Constellation design theory has been studied extensively. However, analysis of longitude-dependent perturbation effects on inter-satellite distance drift has not received much attention. In addition to oblateness-related perturbations, sectoral and tesseral perturbations are non-negligible for low Earth orbits, due to their effect on inter-satellite distance evolution. This paper introduces the idea of reducing the tesseral/sectoral relative drift by including these perturbations in the short-periodic correction of the mean elements. An analytical expression of the correction is derived based on the Lie transform theory. Different from previous works, the ratio between the Earth rotation rate and the satellite’s mean motion is chosen as the small parameter in the Lie theory formulation.

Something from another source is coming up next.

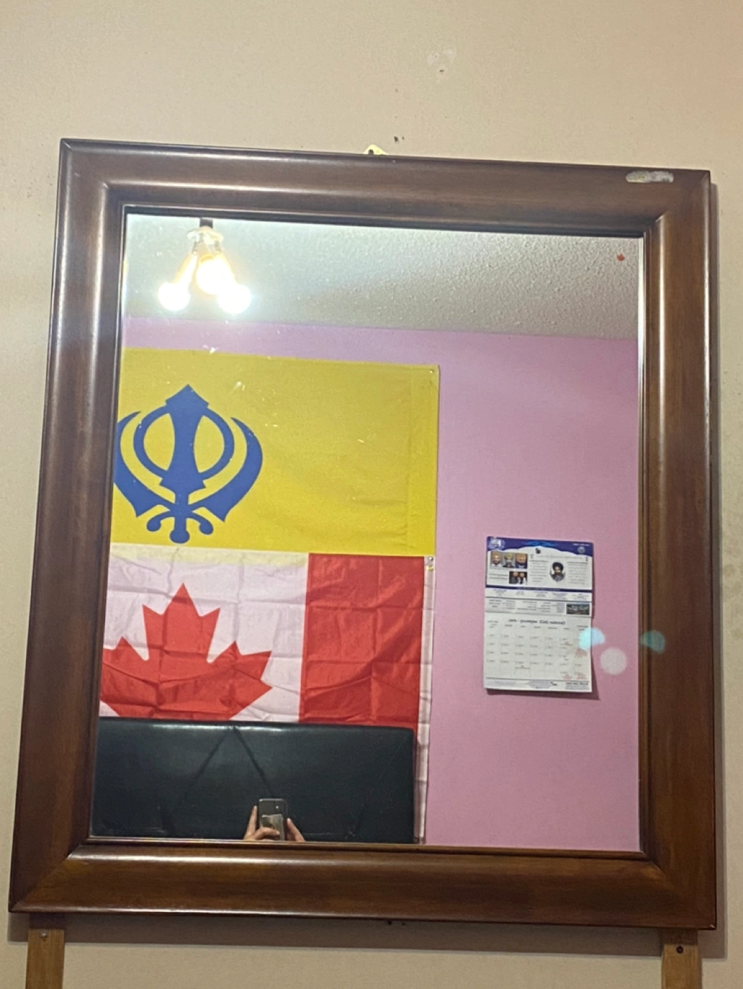 Going to move to other province so need to get rid of it It is a beautiful wall hanging mirrior Maybe around 2feet wide and 3feet tall

The independent variables of the generating-function-related partial differential equations can be reduced to a single variable when using this small parameter. Numerical simulations validate that the sectoral and tesseral effects on the inter-satellite distance drift in satellite constellations can be mitigated by using the proposed correction of the mean elements.

星座设计理论已被广泛研究。然而，经度相关摄动对卫星间距离漂移的影响的分析并未引起足够的重视。除了与扁率有关的扰动外，扇形和陆地扰动对于低地球轨道也是不可忽略的，因为它们对卫星间距离的演化有影响。本文介绍了通过将这些扰动包括在均值元素的短周期校正中来减少阶跃/部门相对漂移的想法。根据李变换理论得出校正的解析表达式。与以前的工作不同，在Lie理论公式中，将地球自转速度与卫星平均运动之比选作小参数。使用此小参数时，可以将与生成函数相关的偏微分方程的自变量简化为单个变量。数值模拟证实，通过使用所提出的均值校正，可以减轻对卫星星座中卫星间距离漂移的扇形和陆地影响。